• **Task to complete**
Starting at the line that contains "ワイドパンツ メンズ ストレートパンツ" and stopping after the line that contains "- Versez la", transcribe the listing below exactly; do not include any pictures.

• **Source material**
○ ○ ○

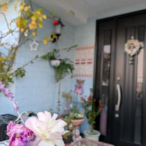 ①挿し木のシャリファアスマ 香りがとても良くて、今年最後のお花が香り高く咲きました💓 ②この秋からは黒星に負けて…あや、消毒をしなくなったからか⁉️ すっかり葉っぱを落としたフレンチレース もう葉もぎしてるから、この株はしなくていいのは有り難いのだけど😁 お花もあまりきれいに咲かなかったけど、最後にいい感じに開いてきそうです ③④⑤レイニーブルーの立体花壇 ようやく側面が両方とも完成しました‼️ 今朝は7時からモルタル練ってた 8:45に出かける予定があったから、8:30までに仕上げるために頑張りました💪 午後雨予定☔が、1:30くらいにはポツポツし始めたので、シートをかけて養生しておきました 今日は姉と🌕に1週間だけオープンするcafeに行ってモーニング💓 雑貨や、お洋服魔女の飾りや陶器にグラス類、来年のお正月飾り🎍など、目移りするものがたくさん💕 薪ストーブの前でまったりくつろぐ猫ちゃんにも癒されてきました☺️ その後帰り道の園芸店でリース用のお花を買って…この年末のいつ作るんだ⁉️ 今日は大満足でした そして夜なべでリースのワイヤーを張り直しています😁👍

○ ○ ○

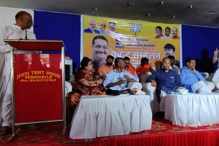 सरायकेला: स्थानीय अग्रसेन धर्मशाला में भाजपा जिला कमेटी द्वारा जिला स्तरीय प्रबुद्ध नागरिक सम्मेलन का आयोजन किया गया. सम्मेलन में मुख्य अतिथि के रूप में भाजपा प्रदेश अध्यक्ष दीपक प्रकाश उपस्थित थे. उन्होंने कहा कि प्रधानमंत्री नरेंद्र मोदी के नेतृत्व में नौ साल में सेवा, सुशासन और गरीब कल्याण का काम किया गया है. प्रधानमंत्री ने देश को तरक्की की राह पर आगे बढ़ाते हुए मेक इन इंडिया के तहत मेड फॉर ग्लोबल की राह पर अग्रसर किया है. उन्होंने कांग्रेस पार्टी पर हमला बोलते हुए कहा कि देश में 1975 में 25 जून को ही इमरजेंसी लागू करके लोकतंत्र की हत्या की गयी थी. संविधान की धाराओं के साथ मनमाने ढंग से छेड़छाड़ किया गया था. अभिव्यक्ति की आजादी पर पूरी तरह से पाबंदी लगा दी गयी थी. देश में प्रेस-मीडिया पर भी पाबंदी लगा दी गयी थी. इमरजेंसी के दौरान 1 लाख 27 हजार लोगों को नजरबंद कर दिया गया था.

○ ○ ○

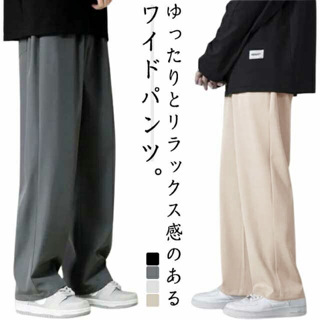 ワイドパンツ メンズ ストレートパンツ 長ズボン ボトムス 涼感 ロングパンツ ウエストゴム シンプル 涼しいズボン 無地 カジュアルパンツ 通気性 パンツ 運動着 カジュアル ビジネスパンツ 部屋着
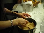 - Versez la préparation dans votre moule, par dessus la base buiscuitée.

○ ○ ○

• **Finished task**
 ワイドパンツ メンズ ストレートパンツ 長ズボン ボトムス 涼感 ロングパンツ ウエストゴム シンプル 涼しいズボン 無地 カジュアルパンツ 通気性 パンツ 運動着 カジュアル ビジネスパンツ 部屋着
 - Versez la préparation dans votre moule, par dessus la base buiscuitée.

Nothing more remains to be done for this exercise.